Archiving Your Life: PDA 2012 Meeting
I’m currently sitting in a church. No, I’m not being disrespectful and blogging while at church. Technically, I’m in a former church, in the Richmond District of San Francisco. The Internet Archive bought an old church and turned it into an amazing space for their operation, as well as for meetings like the 2012 Personal Digital Archiving Meeting I’m currently attending.

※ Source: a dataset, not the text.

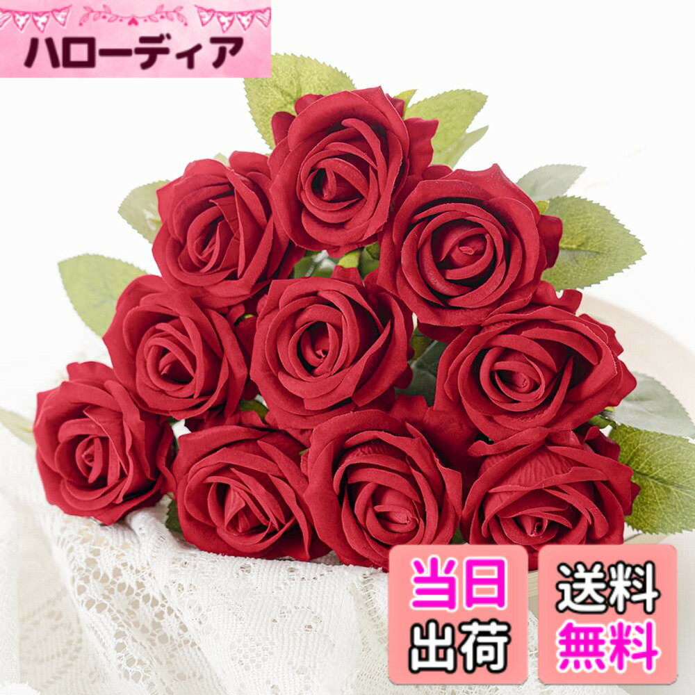 【送料無料】造花 枯れない花 バラ ローズ 薔薇 インテリア造花 フランネル素材で色落ちや変色心配必要がなし 自然な雰囲気 プレゼント 大切な人へ感謝の気持ちを伝える造花 (10本, レッド) 3,788 ~

I wasn’t sure what “personal digital archiving” meant, exactly, before I heard about this conference. It turns out the concept is very familiar to me. It’s basically thinking about how to preserve your life’s digital content – photos, emails, writings, files, scanned images, etc. etc. The concept of archiving personal materials is a very hot topic right now. Think about Facebook, Storify, iCloud, WordPress, and Flickr, to name a few. As a scientist, I actually think my of my data as personal digital files: they represent a very long period of my life, after all. So I’m at this meeting talking a bit about DCXL, and also learning a lot about some amazing new stuff. Here’s a few interesting tidbits:
Cowbird: This is a place to tell stories, rather than just archive their lives. According to the founder (who is attending this conference), Cowbird is about the experience of life, as opposed to merely curating life. For an amazing, moving example of how Cowbird works, check this out: First Love
The Brain: Very cool, free software that helps you organize links, definitions, notes, etc. The idea is that it works just like your brain: it makes connections and creates networks to provide meaning to each link. Play with it a bit and you will be hooked.
Pinboard: Technically, I already knew about Pinboard. But the founder of the bookmarking system gave a great talk, so I’m including it here. Pinboard has been described as how the bookmarking service Delicious used to work, before it stopped working well. For a very small fee (~$10) you can store your bookmarks, tag them, and even save copies of the web pages as they were when you viewed them- this comes in particularly handy if you use a website for research and it might mysteriously disappear without warning. My favorite thing about Pinboard is it isn’t mucked up with ads and other visual distractions.